A hastily drafted moratorium on foreclosures has kept many New Yorkers in their homes. It’s about to change.
New York City has been the big holdout in the U.S. housing meltdown. Wealthy foreigners flush with weak dollars and a finite supply of pricey Manhattan condominiums have kept the market moving.
But the New York hiatus from a harsh real estate market is likely coming to an end – and it’s not just the estimated loss of 48,000 jobs in the city over the next year that will cool home prices. Foreclosures are expected to start heading higher—possibly sharply higher—as soon as next month.
The foreclosure rate is important because a rise is traditionally followed by a drop in home values.
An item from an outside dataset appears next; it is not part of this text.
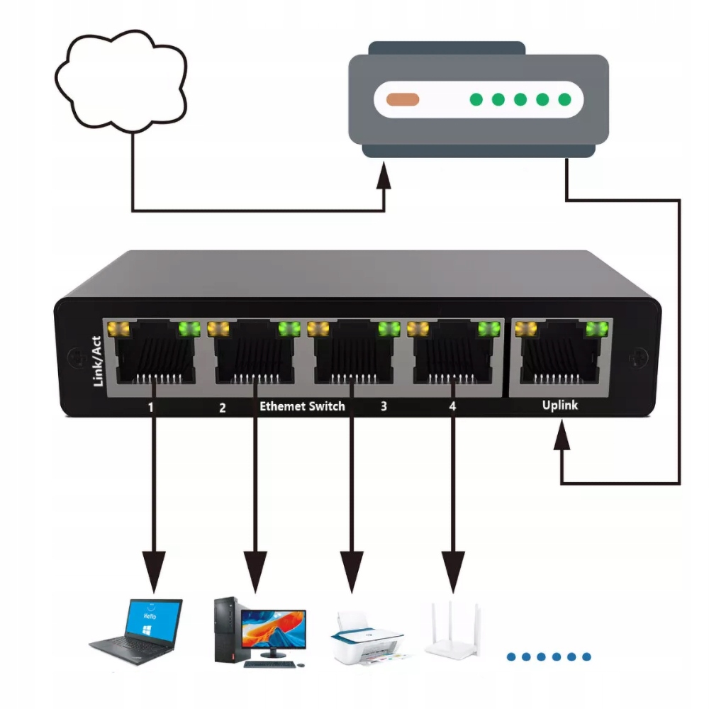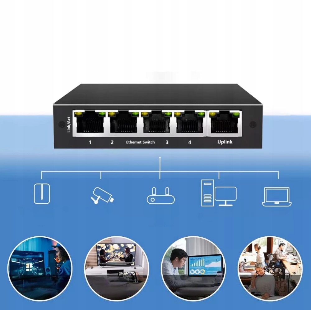 1 x 5-portowy przełącznik sieciowy RJ45 Gigabit
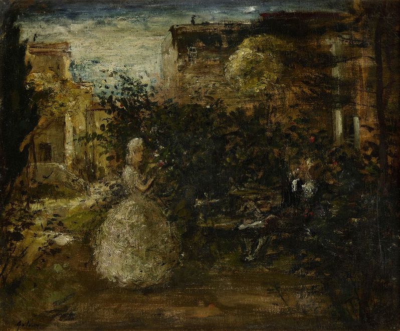 je zberateľsky zaujímavým dielom významného maďarského modernistu Lajosa Gulácsyho. Podľa posudku dr. Gábora Beláka: „... kompozícia predkladaného obrazu obsahuje v popredí stojace figúry a v druhom pláne sa nachádza obrys architektúry mesta. Gulácsy použil podobné princípy kompozície už pri maľbe diela „Don Juan“ deponované v Múzeu Rippl-Rónaia. ... takto komponované diela sú preňho príznačné... . Jeho štýl maľby nie je jednoznačne identifikovateľný, keďže podlieha rôznym zmenám. V jednej časti maľbu nanáša pastózne a jeho rukopis možno charakterizovať ako delený, v iných častiach predstavuje maľba iba tenkú vrstvu aplikovanú splývavým rukopisom. Takýto rôznorodý prístup k technike maľby v rámci jedného obrazu je pre autora veľmi typický... Prírodné zátišie a kvety svojim výrazom determinujú dynamiku postáv a celú atmosféru diela. Za analógiu k prírodnej štafáži predkladaného obrazu možno považovať napr. dielo Ležiaca z roku 1908... Sivo - zelené odtiene a farebnosť akú má „Rokoková záhradná scéna“ je pre jeho diela charakteristická, podobne ako splývavé obrysy architektúry v pozadí figurálnych scén, ktoré nachádzame aj v dielach „Egy bizarr este“, či „Elmúlás“ deponované v Maďarskej národnej galérii. Podľa Dr. Gábora Belláka je „... veľmi náročné porovnávať Gulácsyho diela, keďže neexistuje kontinuita v dokumentácii jeho tvorby. Časť Gulácsyho tvorby sa nenávratne stratila počas vojnových konfliktov, ďalšia nie je dostatočne dobre zachovaná. Sám autor okolo svojej tvorby rád vytváral záhady a diela aj rozlične signoval.... predkladané dielo je autorovou prácou a možno ho datovať do roku 1910...“.

As a rule, every one foreclosure in a neighborhood lowers home values in that area by about 1%.
The foreclosure rate in New York has been artificially depressed, thanks to a state law passed in August. The trouble is, that relief has been temporary. As the moratorium lifts, the fear is that foreclosures will spike and the housing market will face even tougher headwinds. As more states consider delaying foreclosures to keep people in their homes, what happens next in New York could well be instructional.
“It is going to be an absolute disaster next month,” said Bill Staniford, the CEO of PropertyShark.com, a real estate research site. “We haven’t seen anything yet.”